Area(Quadrilateral) = Area(Triangle 1) + Area(Triangle 2)
Important Note:
This method requires knowing the lengths of all four sides of the quadrilateral AND the length of at least one of its diagonals. If only the four side lengths are provided, the area of the quadrilateral cannot be uniquely determined. This is because a quadrilateral is not a rigid figure like a triangle; it can be reshaped (deformed) while keeping the side lengths constant, resulting in different areas (unless it's a special case like a square or rectangle where angles are fixed).

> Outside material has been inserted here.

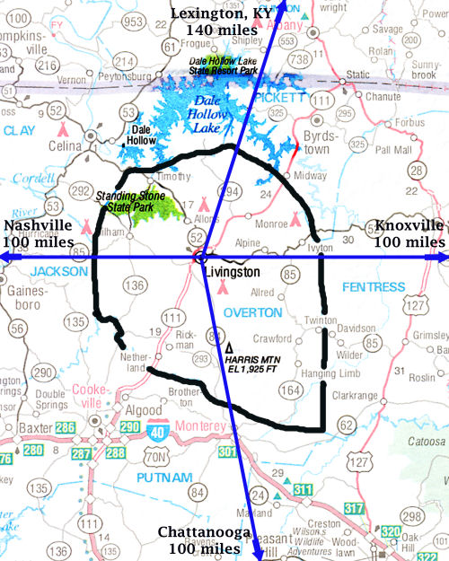 One of the Cumberland Gap migrants was Josiah Boman, born in 1769 in Virginia, who settled in Tennessee in 1810. By the time of the Civil War in the 1860s his descendants lived in Overton County, about ten miles east of the county seat of Livingston, and about one hundred miles east of Nashville. Today generations of Boman descendants still live in Overton County, in and around the Alpine area — with one exception: George Boman, Josiah’s grandson, who left Alpine after the Civil War.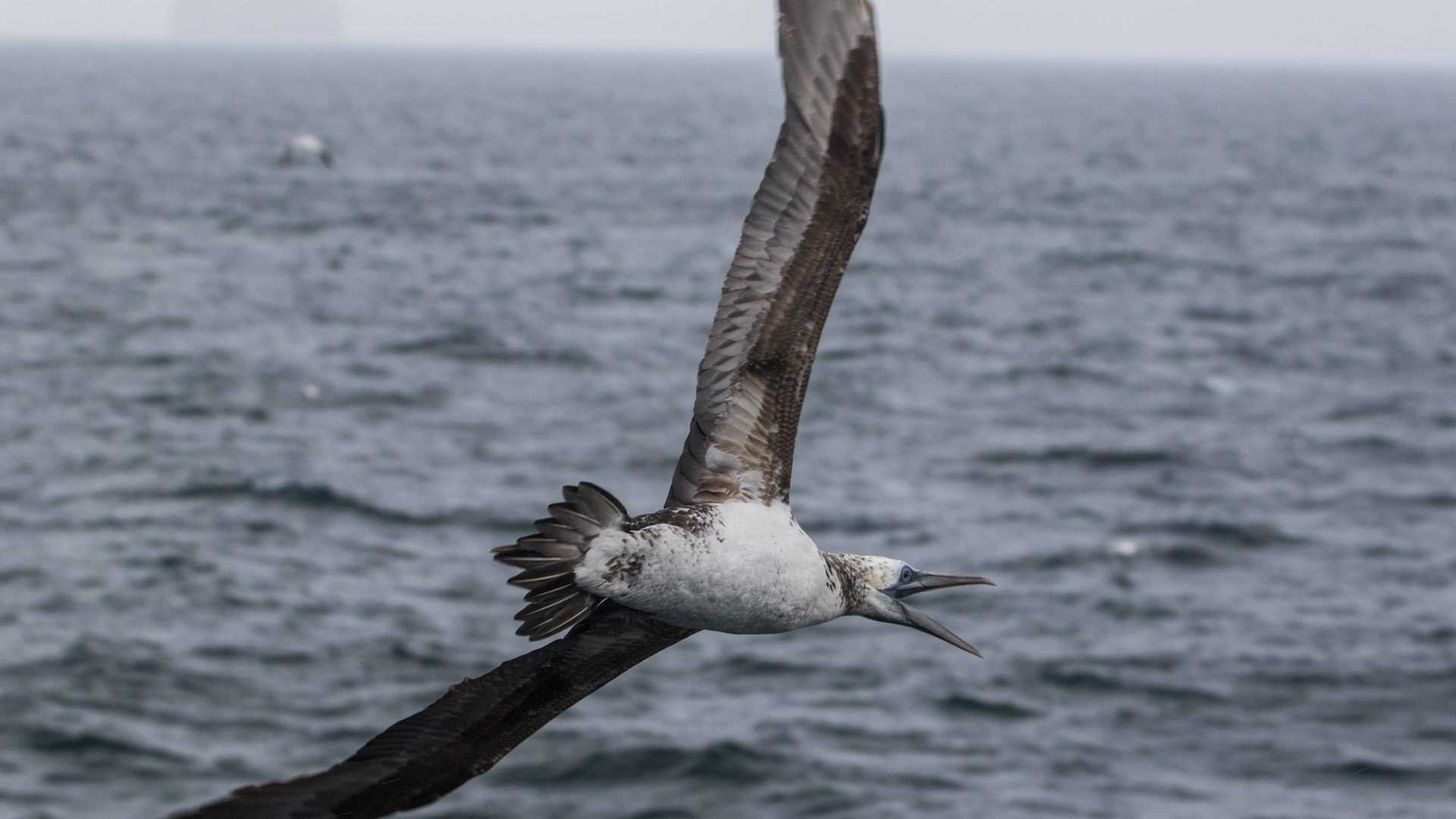 The feeding frenzy lasted long enough for everyone to get out on deck and to watch these glorious creatures. Life and abundance was overflowing right before our eyes. The captain launched a Zodiac into the tumultuous seas, and the expedition diving team ventured out to capture underwater footage of the torpedoing gannets and the graceful, curious toothed whales.

Example 1. A park is in the shape of a quadrilateral ABCD, where $\angle \text{C} = 90^\circ$, AB = 9 m, BC = 12 m, CD = 5 m, and AD = 8 m. Find the area of the park.
Answer:
Given:
A quadrilateral park ABCD with side lengths AB = 9 m, BC = 12 m, CD = 5 m, AD = 8 m, and $\angle \text{C} = 90^\circ$.
To Find:
The area of the park (quadrilateral ABCD).
Solution:
To find the area of the quadrilateral ABCD using Heron's formula, we divide it into two triangles by drawing a diagonal. Since we are given that $\angle \text{C} = 90^\circ$, drawing the diagonal BD is convenient because it forms a right-angled triangle $\triangle \text{BCD}$, whose diagonal length can be easily calculated using the Pythagorean theorem.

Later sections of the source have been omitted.